وَاِذَا حُشِرَ النَّاسُ كَانُوا لَهُمْ اَعْدَٓاءً وَكَانُوا بِعِبَادَتِهِمْ كَافِر۪ينَ
Haşera حشر :
Haşr حَشْرٌ bir topluluğu yerleşik oldukları yerlerinden çıkarıp ve koparır gibi ayırıp savaşa veya başka bir şeye götürmektir. حَشْرٌ kelimesi gerek insan gerek diğer varlıklar için ancak yalnızca bir toplulukla ilgili kullanılır. (Müfredat)
Kuran’ı Kerim’de sülasi fiil ve üç farklı isim formunda olmak üzere 43 defa geçmiştir. (Mu'cemu-l Mufehres)
Türkçede kullanılan şekilleri haşrolmak, mahşer, haşere ve haşerattır. (Kuranı Anlayarak Okuma Rehberi)
وَاِذَا حُشِرَ النَّاسُ كَانُوا لَهُمْ اَعْدَٓاءً وَكَانُوا بِعِبَادَتِهِمْ كَافِر۪ينَ
وَ atıf harfidir. Atıf harflerinden biri kullanılarak iki kelimeyi veya iki cümleyi birbirine bağlamaya atf-ı nesak denir. Atıf harfinden önce gelene matufun aleyh, sonra gelene matuf denir. Matuf ve matufun aleyh arasında irab bakımından, sıyga bakımından, cümlelerin haberî veya inşaî olması bakımından uyum olur. Mana bakımından aralarında uygunluk varsa fiil isme atfedilebilir. Müstetir zamir atıf olmaz. Matufun îrabı her zaman için matufun aleyhe uyar.
Matuf ve matufun aleyhin hükümde ortak olduğunu belirtir. İkisi arasında tertip (sıra) olduğunu göstermez. Vav ile yapılan atıfta matuf ve matufun aleyh yer değiştirebilir. (Arapça Dilbilgisi Ayetlerle Nahiv Bilgisi)
اِذَا şart manası taşıyan, cezmetmeyen zaman zarfıdır. Cümleye muzâf olur. Vuku bulma ihtimali kuvvetli veya kesin olan durumlar için gelir.
إِذَا : Cümleye muzâf olan zarflardandır. Kendisinden sonra gelen muzâfun ileyh cümlesi aynı zamanda şart cümlesidir.
إِذَا ‘dan sonraki şart cümlesinin fiili, mazi veya muzari manalı olur. Cevabı ise umumiyetle muzari olur, mazi de olsa muzari manası verilir:
a) إِذَا fiil cümlesinden önce gelirse, zarf (zaman ismi); isim cümlesinden önce gelirse (mufâcee=sürpriz) harfi olur.

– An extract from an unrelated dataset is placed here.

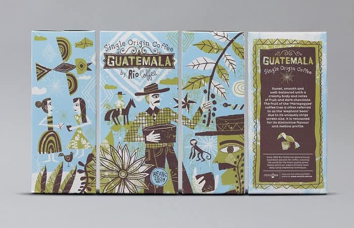 Rio Coffee produce caffé di eccezionale qualità che proviene da diverse zone geografiche: Australia, Guatemala, Kenya e Brasile. Su ogni scatola sono raffigurate le immagini dei luoghi, delle persone dei metodi di produzione di caffé in grado di rappresentare perfettamente le diverse provenienze geografiche.

b) إِذَا ‘nın cevap cümlesi, iki muzari fiili cezm edenlerin cevap cümleleri gibi mazi, muzari, emir, istikbal, isim cümlesi... şeklinde gelir. Cevabın başına ف ‘nın gelip gelmeme durumu, iki muzari fiili cezm edenlerle aynıdır.
c) Sükun üzere mebnîdir. (Arapça Dilbilgisi Ayetlerle Nahiv Bilgisi)
حُشِرَ ile başlayan fiil cümlesi muzâfun ileyh olarak mahallen mecrurdur. حُشِرَ fetha üzere mebni meçhul mazi fiildir. النَّاسُ fail olup lafzen merfûdur.
فَ karînesi olmadan gelen كَانُوا لَهُمْ اَعْدَٓاءً cümlesi şartın cevabıdır. كَانَ nakıs, mebni mazi fiildir. İsim cümlesinin önüne geldiğinde, ismini ref haberini nasb eder. كَانُوا ’nun ismi, cemi müzekker olan و muttasıl zamirdir, mahallen merfûdur. لَهُمْ car mecruru اَعْدَٓاءً ‘nin mahzuf haline mütealliktir.
اَعْدَٓاءً kelimesi كَانُوا ’nun haberi olup lafzen mansubdur. İkinci كَانُوا atıf harfi وَ ‘la birinci كَانُوا ‘ya matuftur.
كَانُوا nakıs, mebni mazi fiildir. İsim cümlesinin önüne geldiğinde, ismini ref haberini nasb eder. كَانُوا ’nun ismi, cemi müzekker olan و muttasıl zamirdir, mahallen merfûdur.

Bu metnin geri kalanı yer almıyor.